If you don’t like to know the ending of books, stop reading now. I would call this a spoiler, but I get the feeling Spencer “spoiled” things enough since the beginning of the new Marvel NOW. One of the biggest kick to the teeth is the way that Secret Empire resolves itself. When HydraCap first started, Spencer insisted that this was the 100% real, cross-his-heart-hope-to-die Captain America. By the end of the book, however, we find out that HydraCap in fact isn’t the 100% real, cross-your-heart-hope-to-die Captain America and that the real version was inside the Cosmic Cube all along. Someone needs to tell Spencer that there is a difference between misdirection and flat out lying and that what he did was definitely the latter!

Actual footage of Nick Spencer in private.
I feel bad for criticising the artists here, because Andrea Sorrentino (who is one of my favourite comic artists currently in the industry) does at least a third of the art duties, but it honestly the worst Sorrentino art I’ve seen to date. Now, as I just said, Sorrentino is an excellent artist, but he’s an excellent artist when the writer knows what to do with him. When he’s working with Jeff Lemire, for example, you get a book that highlights just the right part of the action and it lends the book a kinetic, visceral energy the best example of which are in Lemire’s Green Arrow and Old Man Logan. In Secret Empire, there’s so little action in the issues that Sorrentino draws that we never get that feeling of primal brutality that makes him such an interesting artist.
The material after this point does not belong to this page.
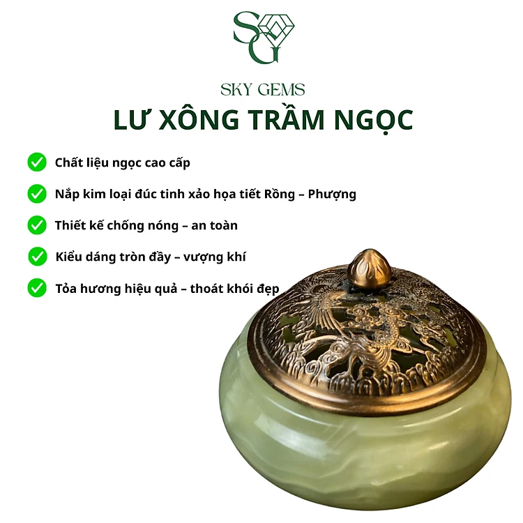 Lư Xông Trầm Ngọc Onyx Xanh và Trắng – Cao 7cm, Đường Kính 10cm – Khói Đẹp, Bền, Sang Trọng

The other problem is that this is an event book. Event books need big, colourful, artists who work with a sense of grand scale and that’s not Sorrentino’s wheelhouse. As such, the better art in this book comes from the other THREE ARTISTS. Each of these artists, though, have very different styles and as a result, nothing in this book feels like it belongs in the same story as anything around it, like a heroin dealer at a christening.

It’s been a long time since I’ve review a book this big and an even longer time since I spent this much time reviewing a book. But honestly, I keep finding things I hated and really nothing I liked outside of the artwork. It gets one out of five PR projects.